From a piece I wrote, called Three Different Memos To Three Different Neighbors (2006):
MEMO #1 – TO: The Neighbor Who Stole My Doormat
RE: What the Fuck?
Okay, I know it’s been two-and-a-half years, but I honestly still can’t believe it. And so I have to ask; come on guy, you really needed to steal my doormat? My doormat?
And we’re not even talking about an ornamental, expensive doormat – the kind embroidered by a young child in a dark factory in the heart of Taiwan; the kind with the word “WELCOME” woven in over an irresistibly crude caricature of puppies playfully squirming under a doormat of their own, their big eyes staring straight through your soul; the kind that you can only find in an elegant, out-of-the-way specialty store like K-Mart or Target. And I understand that not everyone has the rare combination of both ten seconds and six dollars that it takes to go out and buy one of their own. And if I had owned this kind of extravagantly decorative doormat, I would understand a working man’s need to steal it, to give his family a small taste of the same lavish, luxurious lifestyle that Doukhobors like myself enjoy in our rent-controlled apartments in the heart of Queens.
But that’s not the kind of doormat we’re talking about, is it? The kind of doormat we’re talking about, the kind that you stole under the dark cover of night, is dirty and beige; it’s the kind of doormat that I got not from Wal-Mart, nor even from Kiki’s 99-Cent Emporium, but rather from the relatives of an elderly neighbor who had recently died, shuffling off this mortal coil in housedress and slippers, plastic bags clutched in her hand, a faded babushka on her head and a complaint about the heat left unspoken on her tongue. That’s right; you stole a free, dead woman’s doormat.
To be honest, I’m not even angry so much as I am completely baffled; what, exactly, did you think you were going to do? Just put it down outside of your apartment, the only place you could logically use it, and hope that I wouldn’t go door-to-door through the building hallway looking for it?
In the annals of crime, stealing a neighbor’s doormat falls somewhere between mugging your boss in the elevator on the way up to the office and bursting into a police precinct, waving your shotgun in the air, and declaring that the next person who moves gets it. Which is to say that it falls exactly halfway between being “poorly thought out” and “fucking retarded.”
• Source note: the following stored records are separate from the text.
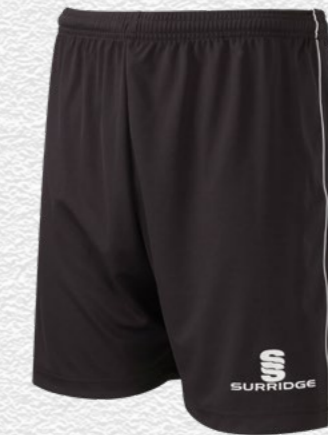
Classic Short SURF026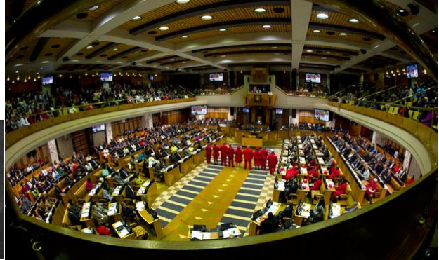
RSA Cabinet with 35 Ministers and 37 Deputy Ministers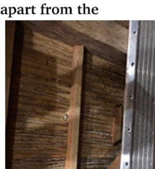
Photo of lath after completed re-attachment. Note the holes in lath through which consolidant has been injected.

Tony and his assistant Chris work on both sides of the ceiling. First, from the attic, they paint every visible bit of plaster with a dilute "consolidant" (a type of glue) to keep it from crumbling. Next, from below, and working 22 feet above the floor of the sanctuary, they gently push loose plaster back up in place, against the lath. Then, back in the attic, they bore holes in the lath through to the back of the plaster. They inject a thicker consolidant through these holes to re-connect plaster and lath. Finally, still in the attic, they apply thick consolidant to the top of original plaster keys.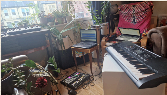
Tuesday Sessions building rhythms and sounds at the Maryfield Studio

future. And science is a philosophy full of imagination and unanswered questions - just like art, so now I want to create from where the two meet . Past, future, time exploration -It's all about the illusion of time .” She explains, “and the emerging collection will be a superposition of science, history, art, literature, music and film, creating a multi-sensory story. ”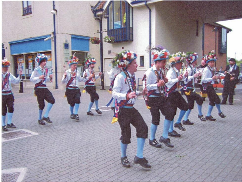
Down at the Bridgehouse we saw Earlsdon finish off their set before we did our stint with the neighbours – OSH.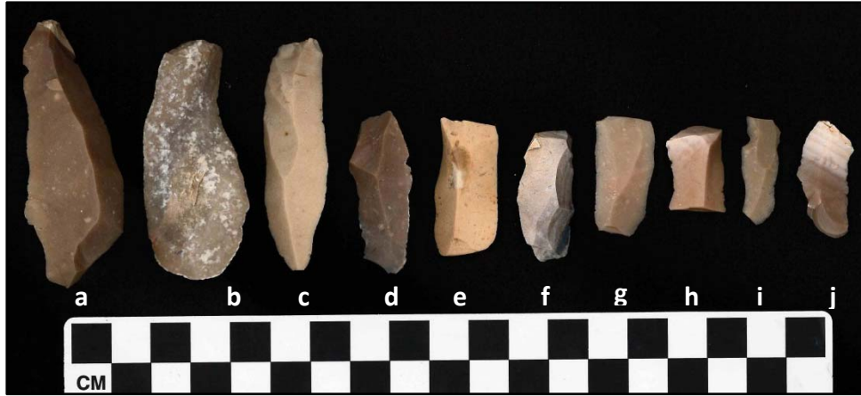
Figure 18: Blades from 41BX2131; all were recovered from EU 1, Level 3, except c), which was from EU 2, Level 2.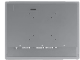
Various mounting ways Panel/Wall/VESA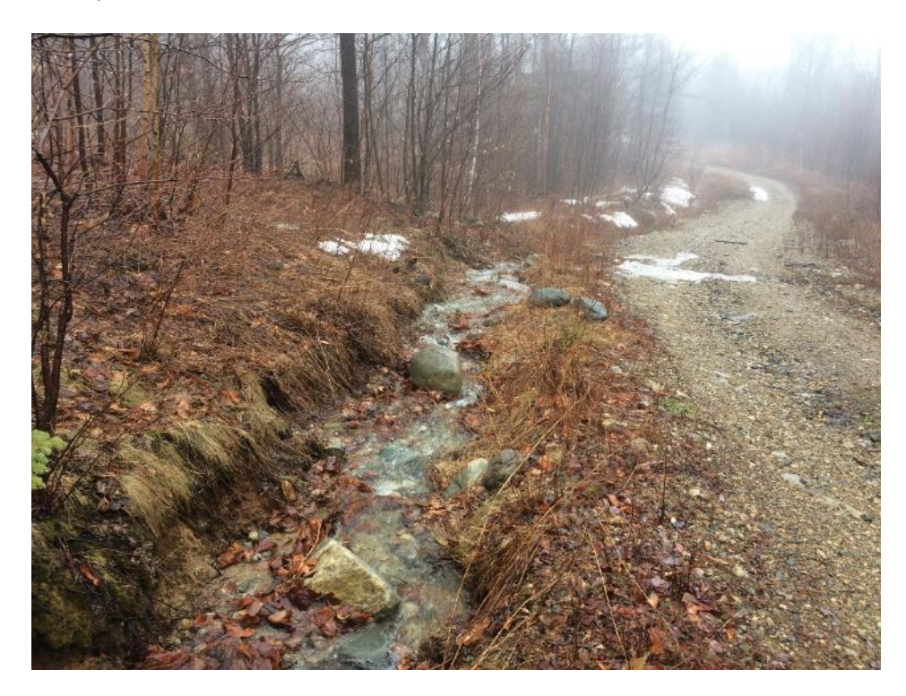
Photo 13: Stream S-02 at the access road. Stantec Consulting Services Inc. March 2018.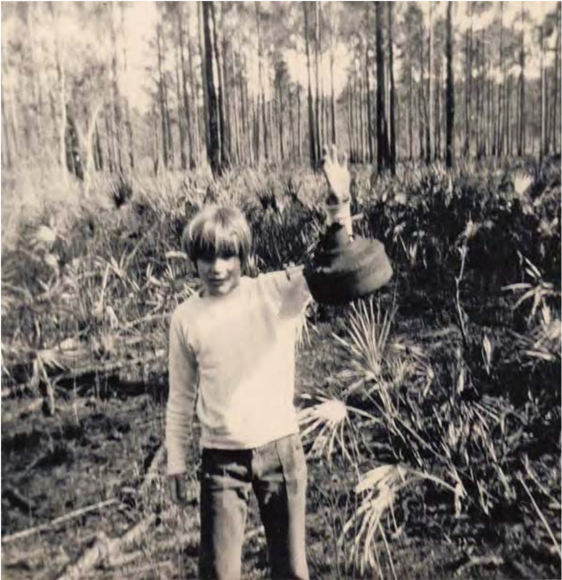
Scout is unknown.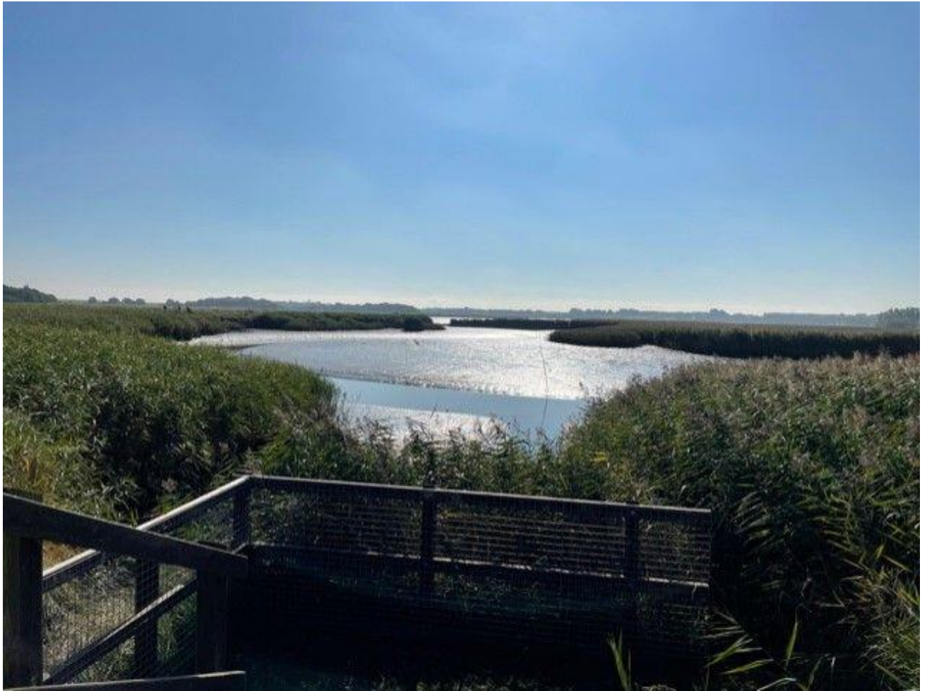
River channel showing mud flats at low tide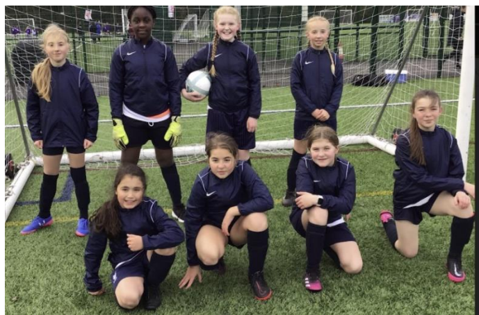
The Girls Football team – Autumn Team

Here at Monksdown we are lucky enough to be full to the brim with talented footballers.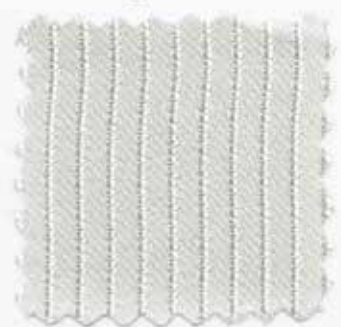
Ivory Stripe (w)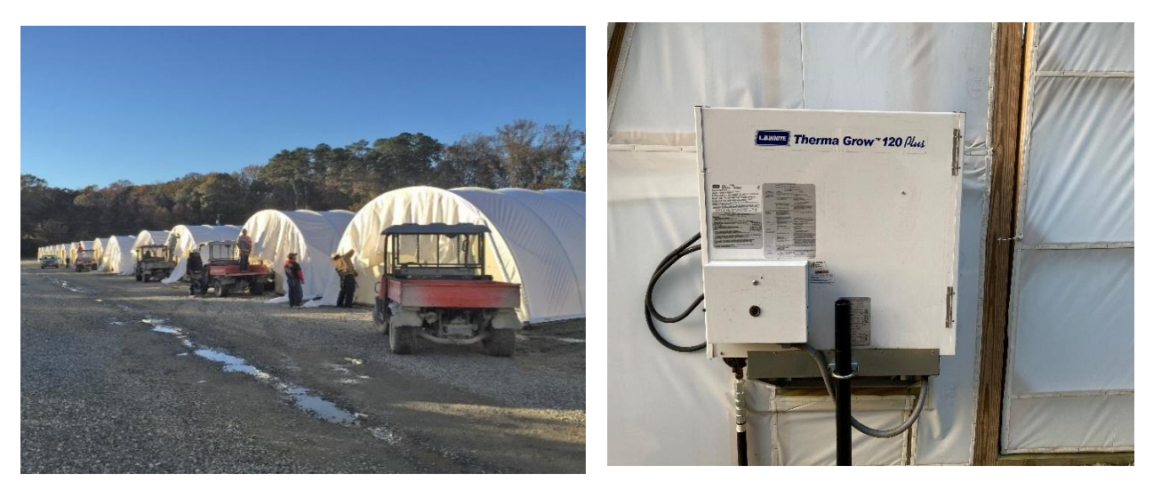
Figure 22. (left) Covering greenhouses with 50% opacity plastic for winter protection, and (right) outdoor mounted, direct fire, forced air heat for high efficency heating.

the greenhouse will provide adequate protection to well acclimated rooted cuttings (Fig. 22). Upon acclimation, the rooted cuttings are transferred to an overwintering house. White overwintering plastic provides 50% shade during the dormant season. The white plastic is removed and replaced with 50% shade cloth after the frost-free date.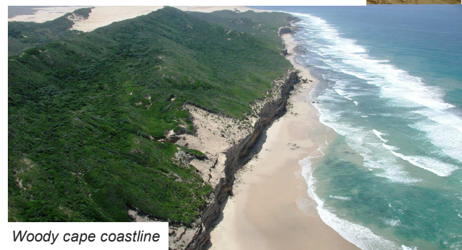
Woody cape coastline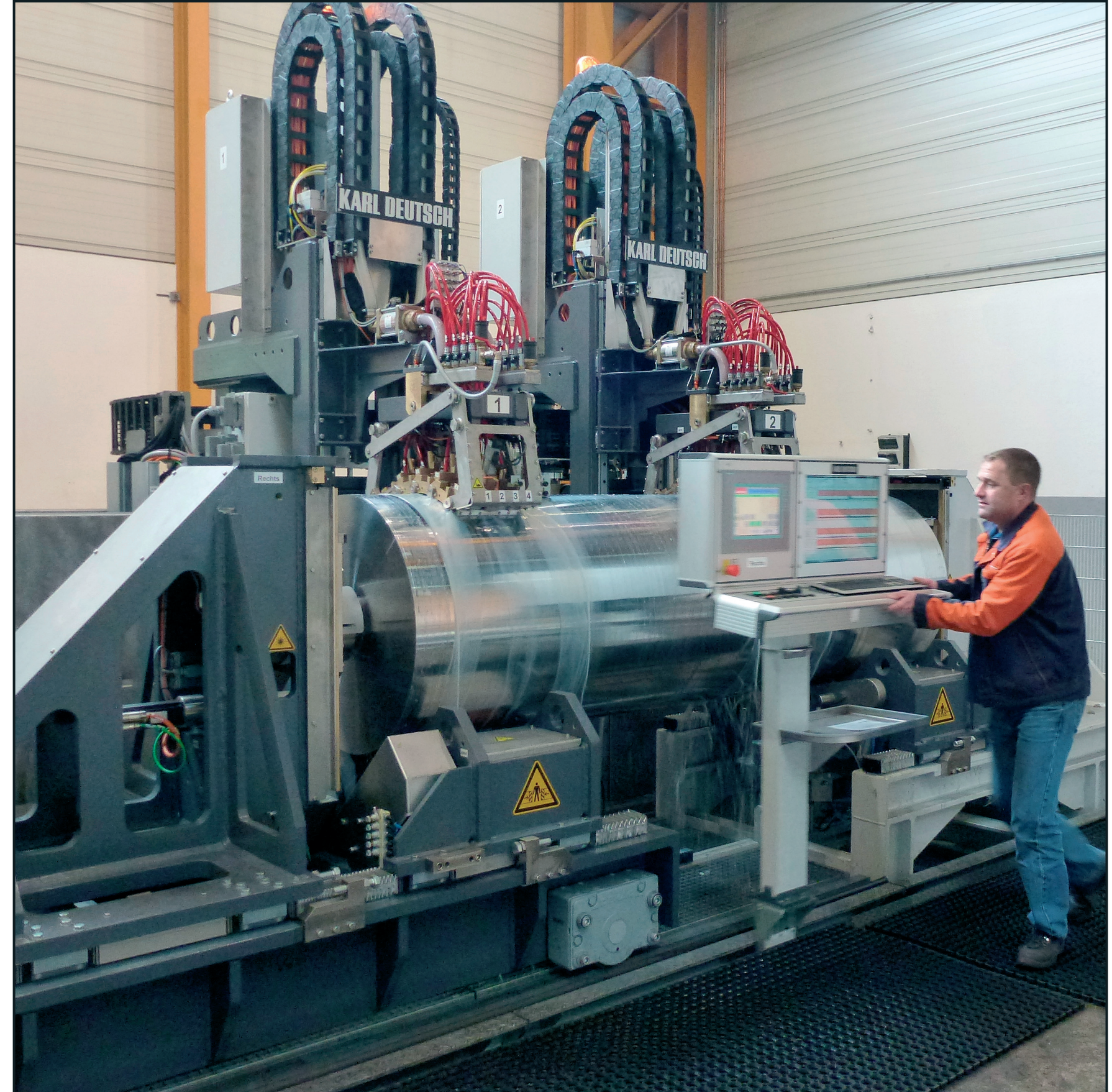
Rotational Testing of Round Forgings with Two Probe Holders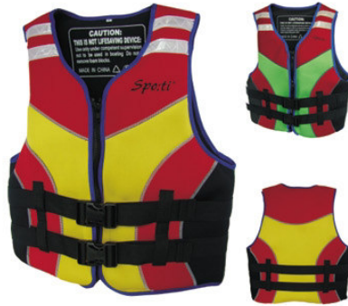
NSS2017 • PEF coating • EPE foam inserts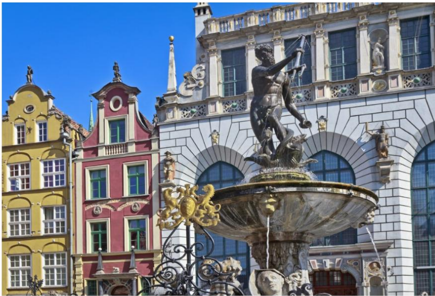
The Neptune fountain in Gdansk

Spring is the best time of the year to come to Gdansk, the weather is starting to get warm, so it's perfect for taking walks and going sightseeing. Plus, you get to see the city before it fills up with tourists. If you don't like crowds, autumn is another great time to pay a visit.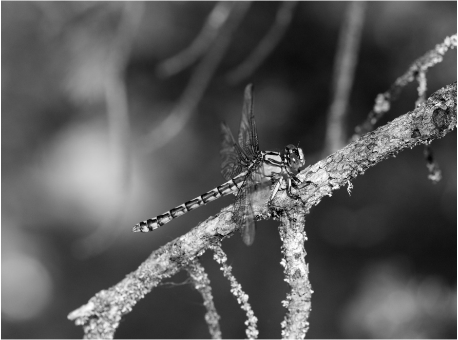
Figure 3 - Clubtail dragonfly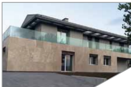
08_Private villa - Province of Ancona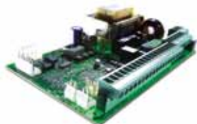
Built-in control board 624 BLD Technical specifications page 146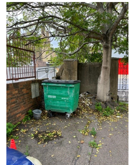
1. Existing Boundary Wall. Builders' stone will be retained and re-instated in the new wall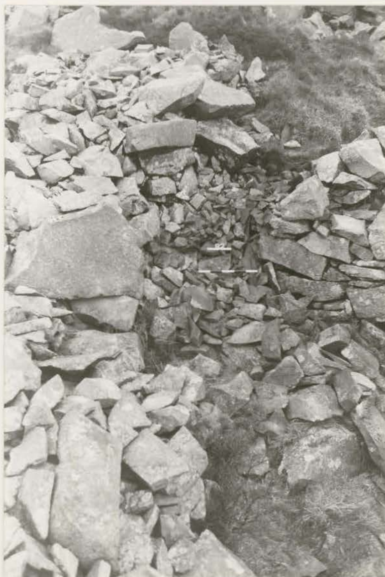
Plate 38. Hut 92: rubble removed from E entrance, looking E (G1022/005/24A).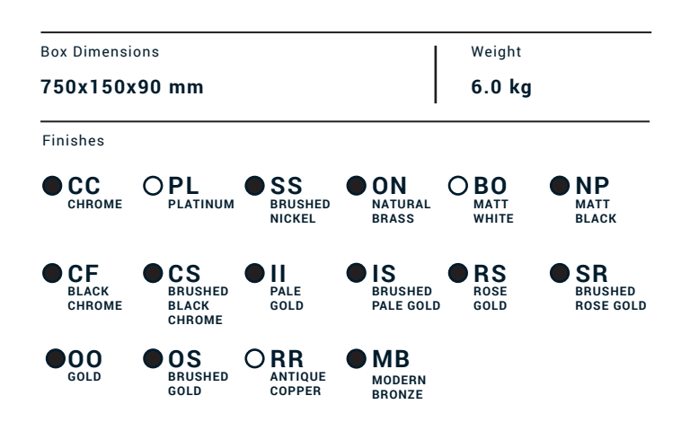
Plate and handles trimkit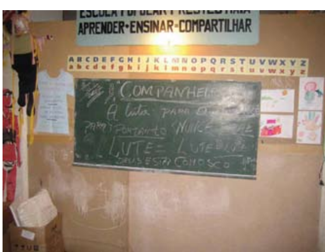
Figure 14. Library and literacy classroom in Prestes Maia Favela, São Paulo.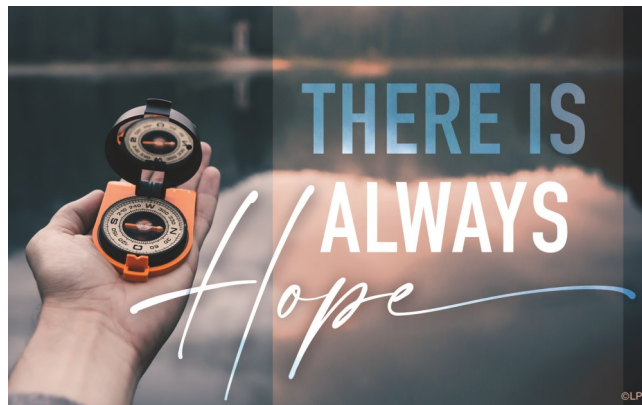
Published by the Pastoral Centre. All rights reserved.

Pope Francis points out repeatedly in his encyclical Laudato Si’ that environmental degradation affects the poor and vulnerable the most. What can you do this week to offer special protection or care to the poor who are suffering from extreme weather events or other environmental impacts (lack of clean drinking water, crowded and unsanitary living conditions, etc.)?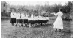
Alert Bay Girls - Prize Giving Day (13a-c004554-d0035-001)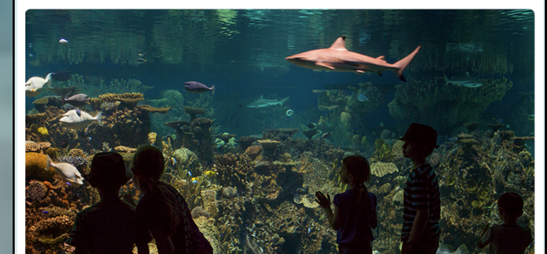
the aquarium's Blacktip Reef exhibit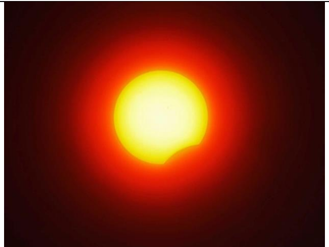
Partial solar eclipse Liberty Island NY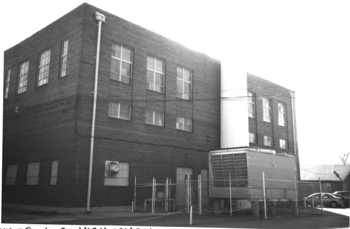
HUMES, L.C. HIGH SCHOOL SHELBY CO. TN. 11 OF 26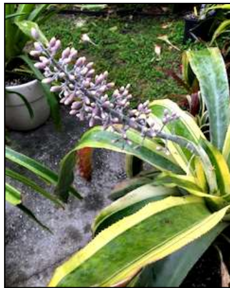
Aechmea mexicana , variegated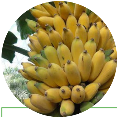
Baby Bananas with chocolate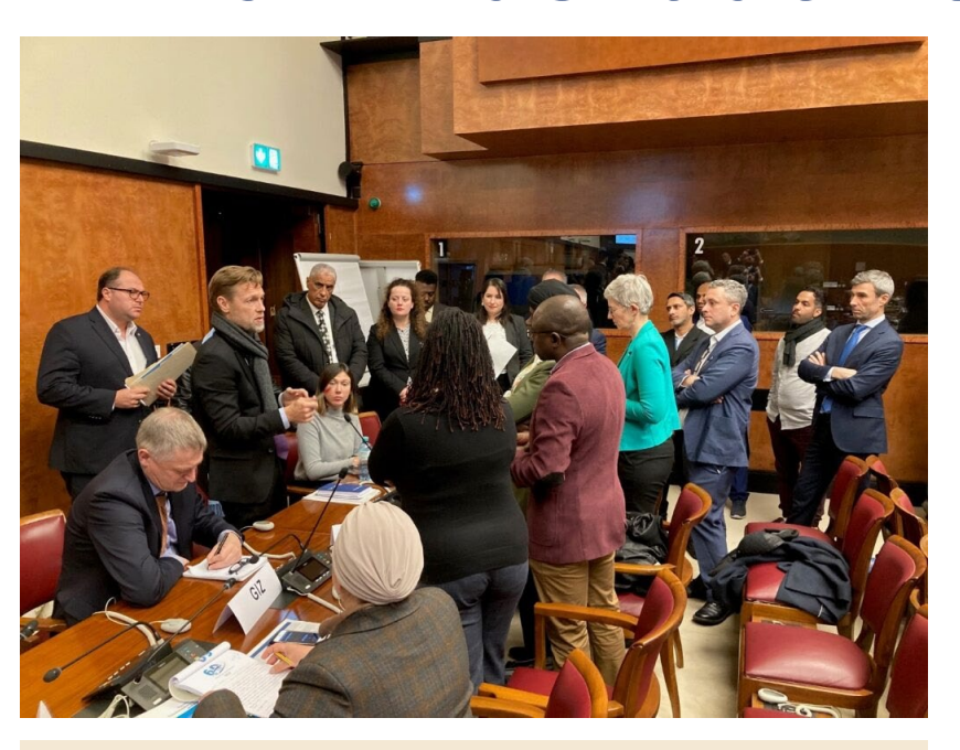
Market place at the Global workshop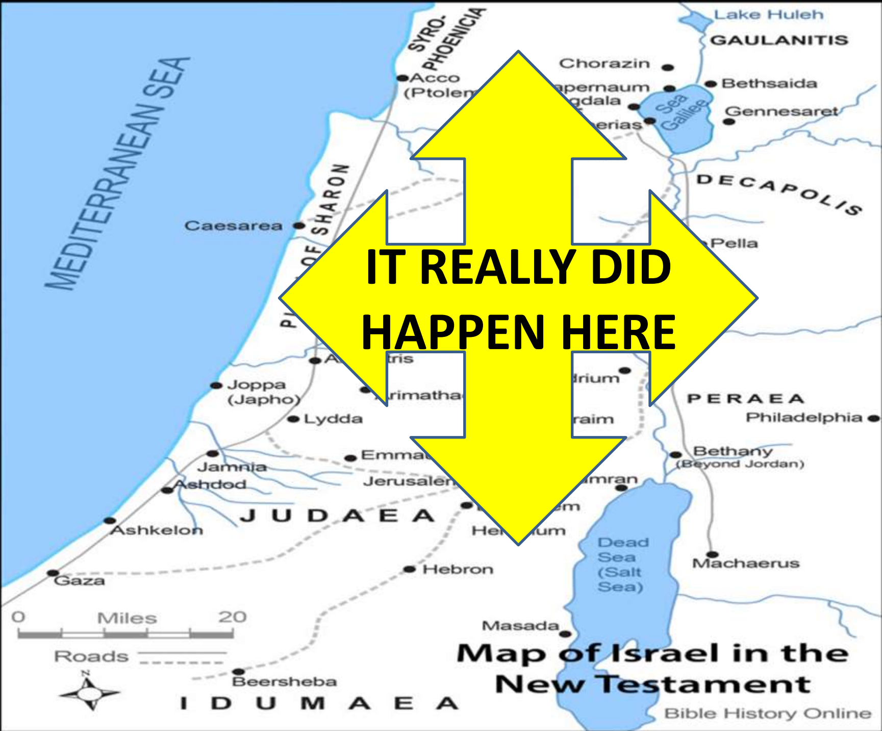
Map of Israel in the New Testament

And if you can’t use a doormat for its intended purpose, what exactly would you do with it? Sell it on eBay? Not that I would put it past you; after all, the person who would steal a used dime-store doormat is the exact same person who has undoubtedly, at several points in their life, had a small, swarthy man named Chico calmly inform them that “you ain’t can’t have the weed if you ain’t don’t gots the cash.”
And so I scoured Craig’s List, searching for the tell-tale ad: “FOR SALE,” I imagined it would say, “Doormat, gently used – NO QUESTIONS ASKED! Serial numbers have been filed off. Am looking for best reasonable offer – cash, food, or even MetroCard swipe into subway.”
Or perhaps this doormat was of some value to you, a value that I myself did not ascertain and could only truly appreciate once it was gone from my life. In my mind’s eye I can see you running through the building, clad in an Indiana Jones leather jacket and fedora, clutching your bleeding, gunshot arm as dark-suited thugs from the Russian mob close in fast. Trapped in a corner, desperate, you wheel around, revealing a Luger held to the head of a dirty beige doormat trembling in the crook of your arm.
“Don’t do anything we’ll both regret,” says a large man who steps from the shadows, a deep scar running down the side of his face, a gloved hand removing a pair of $500 Ray Bans, revealing one eye made of milky-white glass, the other filled with a mixture of hatred and respect.
You shake your head once: “No.” You pant for breath, swallow, then add, “Tell your men to step back and give us safe conduct, Vladimir. Now. Or the only place this doormat lies is inside the entrance of a mausoleum.”
He gives you the once-over; he knows that after what went down in Morocco, where he watched a small, frayed bathroom rug die in his arms, that you’d be just crazy enough to do it. He signals to his men, and they step back, warily placing their guns halfway into their holsters.
“You’ve won this round,” he says. “But I’ll return. Even you can’t watch forever. One day you’ll be napping, or drunk, or out of your house for ten minutes to get some milk from the store. And you’ll leave that doormat alone and unguarded. And when you do, I’ll be there. And I can tell you now, I won’t have to steal it away; it will come with me, and willingly.”
And you know in your heart that he’s right. You may have that doormat for now; hell, you may even love it as much as once I did, but you’ll never own it. The tread-worn beauty that makes it a treasure is also its biggest curse. This doormat was born to roam free, my friend, and no matter what kind of care you take of it, there’s going to be a morning when you awake to find it gone, and with only the memories to sustain you.